Dataset records:
***

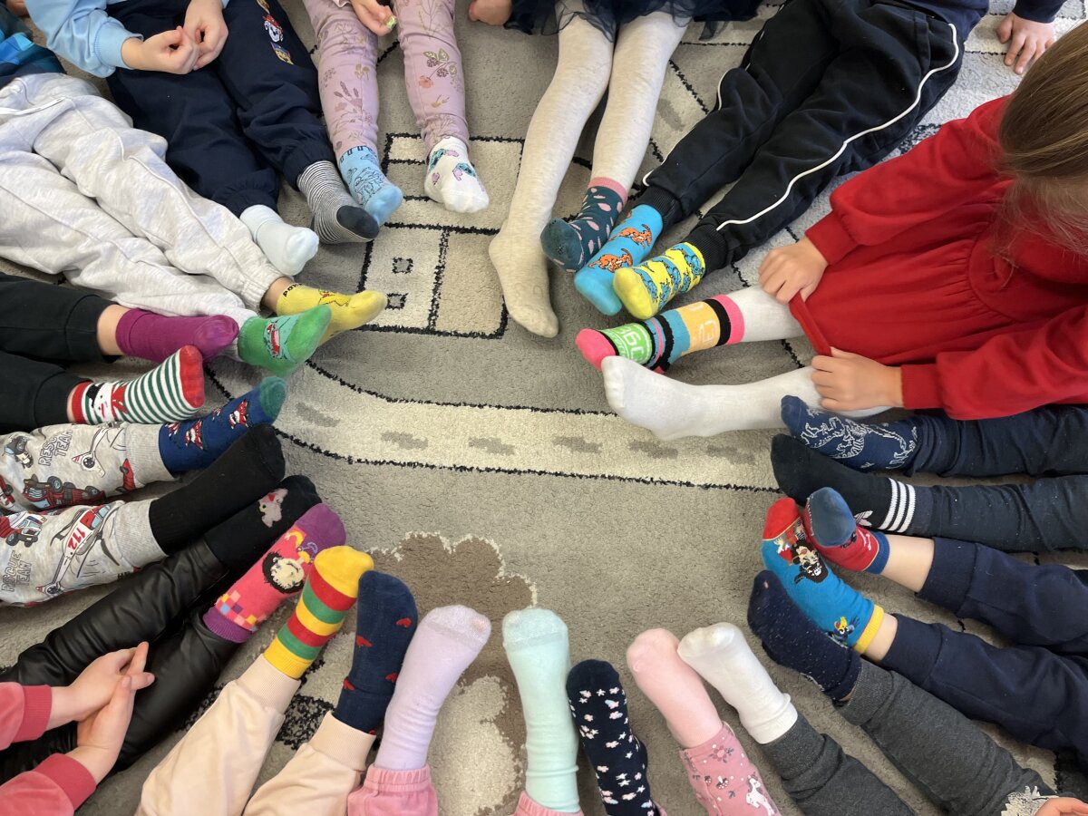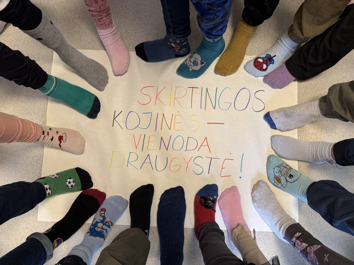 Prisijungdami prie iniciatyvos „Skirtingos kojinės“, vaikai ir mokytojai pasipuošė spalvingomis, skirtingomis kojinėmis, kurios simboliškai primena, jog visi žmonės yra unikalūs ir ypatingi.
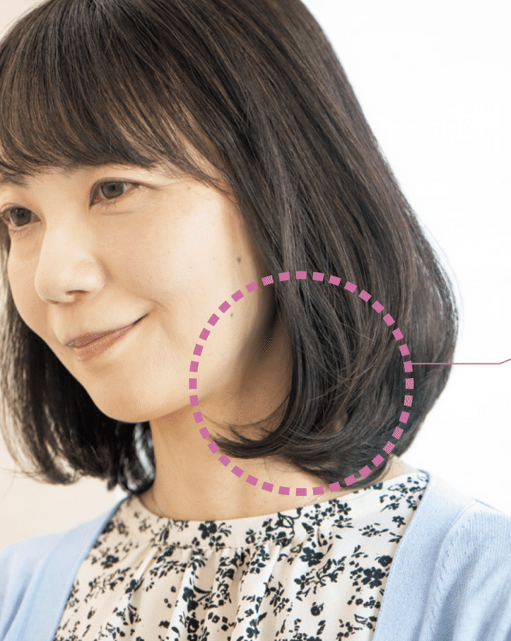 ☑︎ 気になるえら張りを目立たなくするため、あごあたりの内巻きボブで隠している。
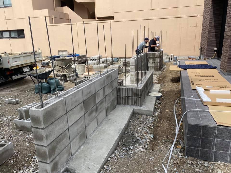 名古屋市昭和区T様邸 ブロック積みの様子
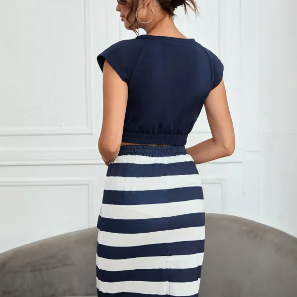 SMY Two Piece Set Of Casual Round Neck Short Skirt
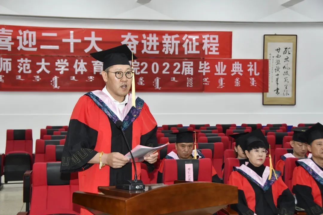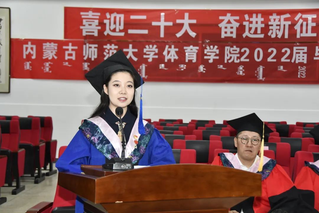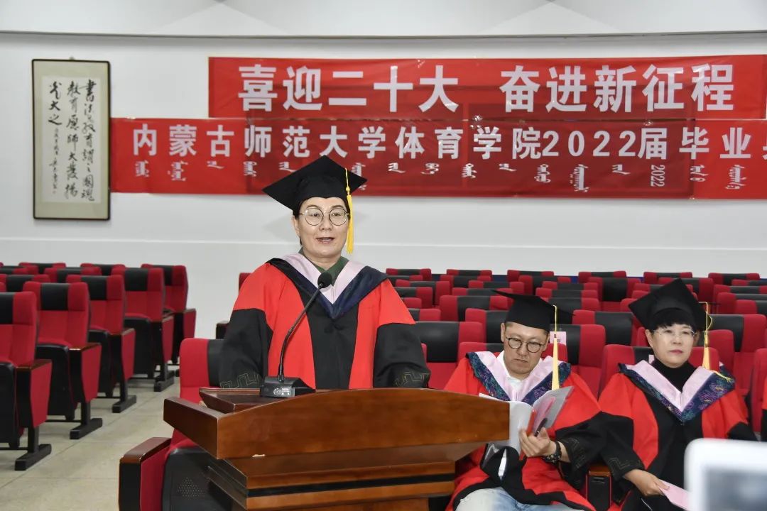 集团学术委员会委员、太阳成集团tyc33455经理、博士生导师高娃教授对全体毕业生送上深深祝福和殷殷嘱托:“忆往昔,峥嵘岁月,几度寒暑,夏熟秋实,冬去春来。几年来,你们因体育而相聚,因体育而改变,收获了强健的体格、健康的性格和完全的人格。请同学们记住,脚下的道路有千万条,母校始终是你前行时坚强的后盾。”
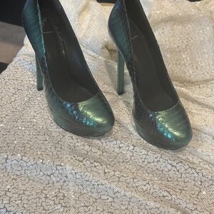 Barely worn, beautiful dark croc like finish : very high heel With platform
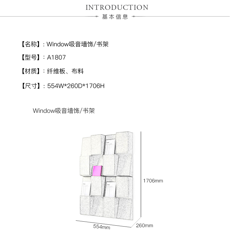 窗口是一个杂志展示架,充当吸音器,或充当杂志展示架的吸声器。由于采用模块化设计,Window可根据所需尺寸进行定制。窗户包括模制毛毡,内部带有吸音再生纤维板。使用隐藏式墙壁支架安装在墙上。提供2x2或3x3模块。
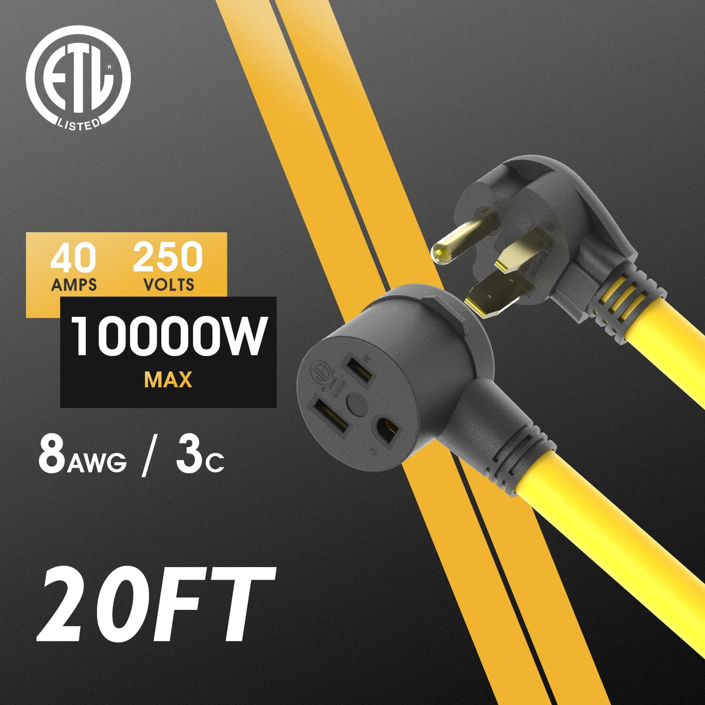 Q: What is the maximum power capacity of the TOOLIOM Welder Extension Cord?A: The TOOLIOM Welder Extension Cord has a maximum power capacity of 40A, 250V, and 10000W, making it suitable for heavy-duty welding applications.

***

- **Task to complete**
Leaving out every picture, transcribe exactly the lines from the line that contains "Barely worn, beautiful" through the final line of the entries above.

- **Solution for this exercise**
 Barely worn, beautiful dark croc like finish : very high heel With platform
 窗口是一个杂志展示架,充当吸音器,或充当杂志展示架的吸声器。由于采用模块化设计,Window可根据所需尺寸进行定制。窗户包括模制毛毡,内部带有吸音再生纤维板。使用隐藏式墙壁支架安装在墙上。提供2x2或3x3模块。
 Q: What is the maximum power capacity of the TOOLIOM Welder Extension Cord?A: The TOOLIOM Welder Extension Cord has a maximum power capacity of 40A, 250V, and 10000W, making it suitable for heavy-duty welding applications.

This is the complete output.